To be able to compensate for a change in the sensitivity of the optical sensors with or in dependence on temperature, in accordance with the invention it is proposed that a reference surface is provided above the strip support surface for balancing of the optical sensors. In this case, the evaluation and control circuit can be so made that it carries out the comparison at pre-given time intervals or that the comparison process is carried out in dependence on a pre-given temperature change, which change is determined by the help of a temperature sensor provided in the measuring device.
The reference surface can be formed directly onto a cover fixed to the housing and extending over the strip support surface. Another possibility is that the reference surface can be formed on a key which is so arranged on the housing above the strip support surface so that it is movable between a position at which it presses the test strip against the support surface and a test strip freeing position. This key can be at least in part transparent.

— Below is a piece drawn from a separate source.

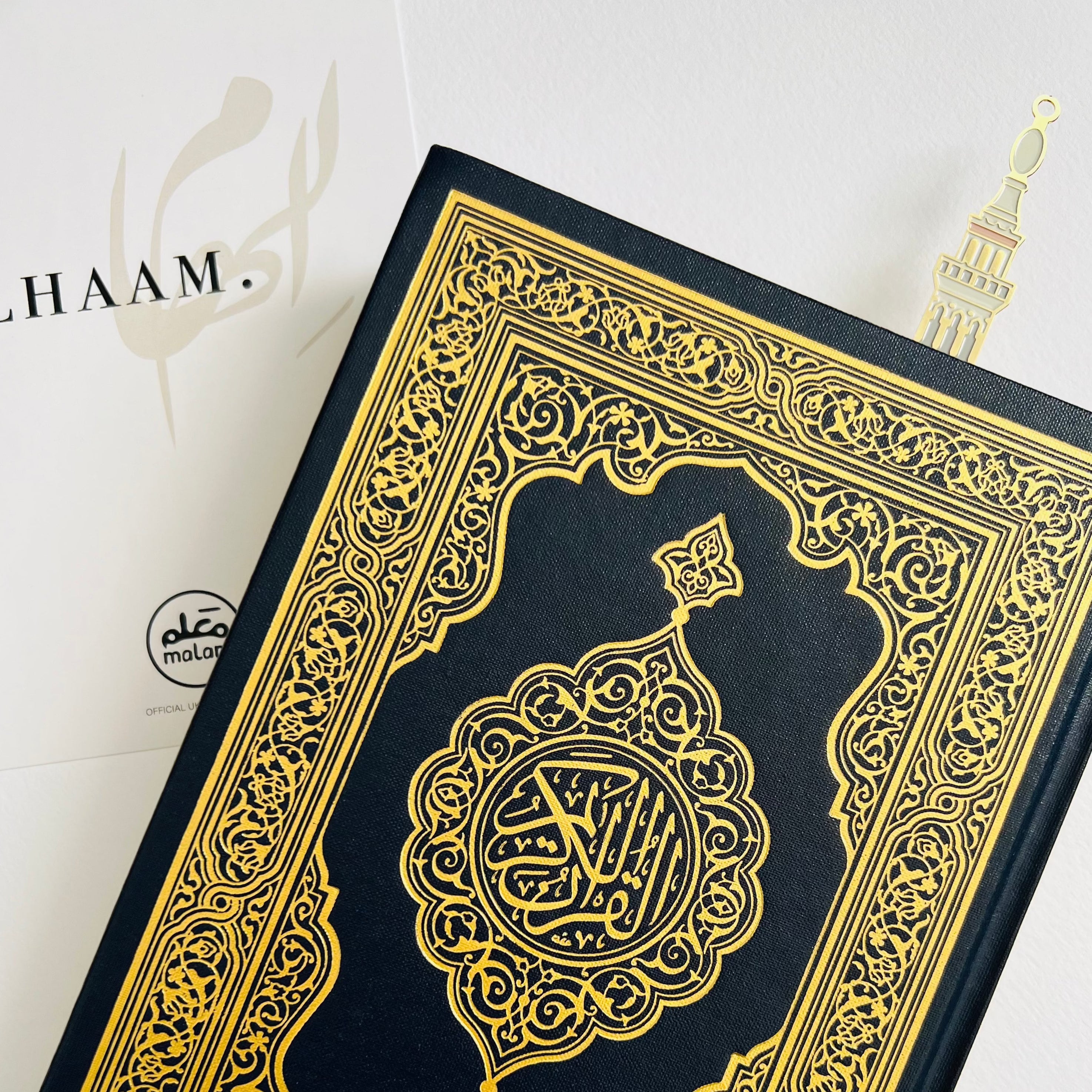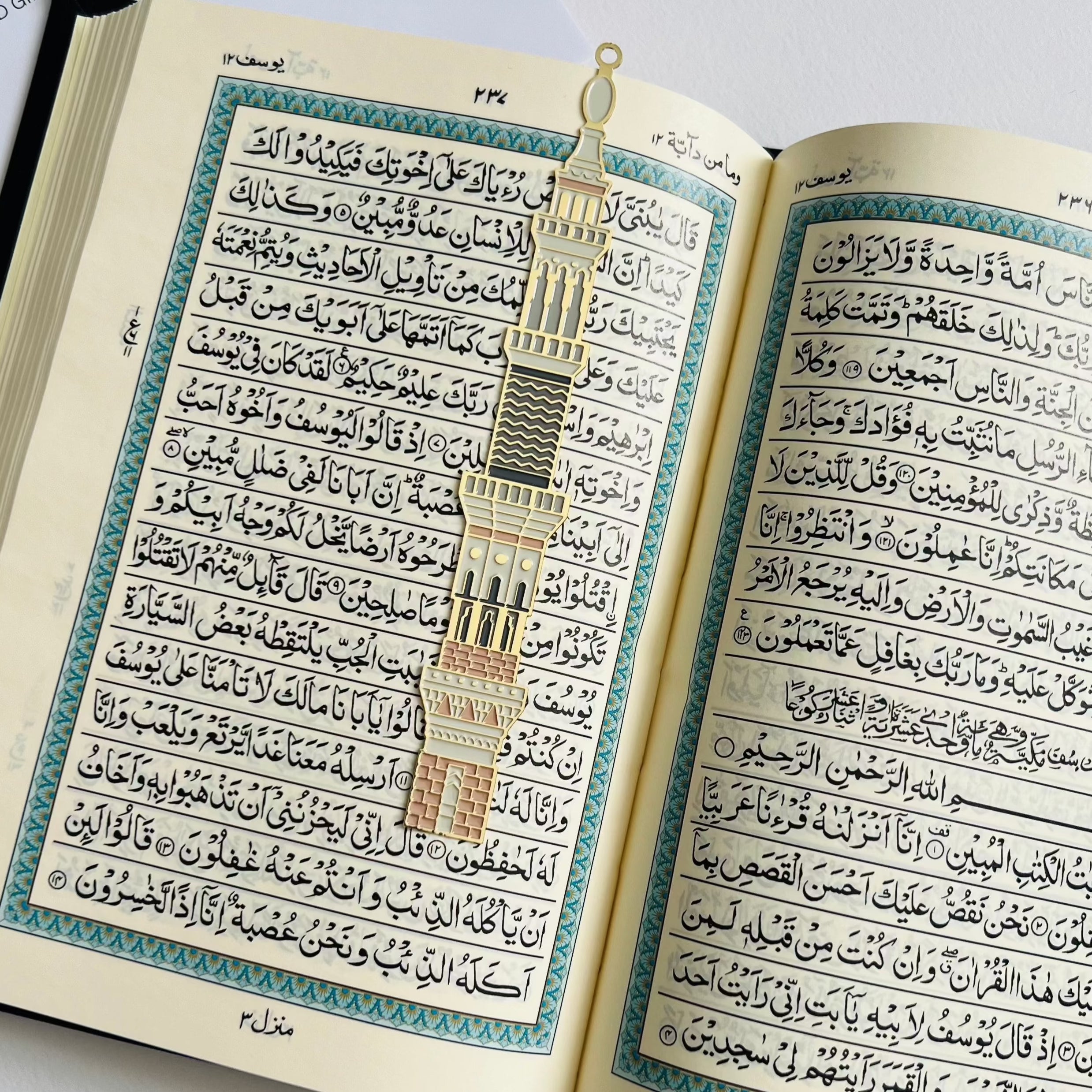 An exquisite addition to your collection, the Haram Minaret Bookmark features a golden metal separator adorned with intricate engravings inspired by the iconic Haram architecture. Measuring 2x15 cm, it is the perfect accompaniment for your cherished Qur'an and books.
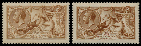 The 1915 DLR printing includes shades noting the scarce 2/6d cinnamon brown UM with certificate, 2/6d reddish brown (chestnut) UM with certificate.

Preferably the evaluation and control circuit is so formed that by means of the optical sensors different reflectivities/transmissivities of the field are recognizable. This offers the possibility of calibrating the measuring optic system of the measuring device so that an actual measured reflectivity/transmissivity of the measuring field also corresponds actually to a given concentration of the investigated substance. The functional correlation between the reflectivity/transmissivity detected by the measuring optic system and the concentration values of the investigated substance is stored in the evaluation and control circuit.
The calibration can be done in that a card can be arranged on the strip support surface and have calibration fields associated with the individual optical sensors, the calibration fields having reflectivity/transmissivity values each corresponding to a given concentration of the investigated substance, so that the actual measured reflectivity/transmissivity values of the calibration field can be compared with the corresponding values according to the stored functional relationship and so that upon the appearance of a difference a corresponding correction factor can be determined by means of which a test strip measured reflectivity/transmissivity value can be corrected.
The calibration card can moreover carry a code evaluatable by the evaluation and control circuit, which code, for example, contains information about the selected measuring program or the batch from which the test strip to be measured came. This code can be formed with the help of the calibration fields. The calibration card can also carry other information. Especially, further color fields can be provided which make possible a visual comparison between the measuring field of a test strip and one of the color fields, so at least a coarse determination of the concentration can be carried out visually.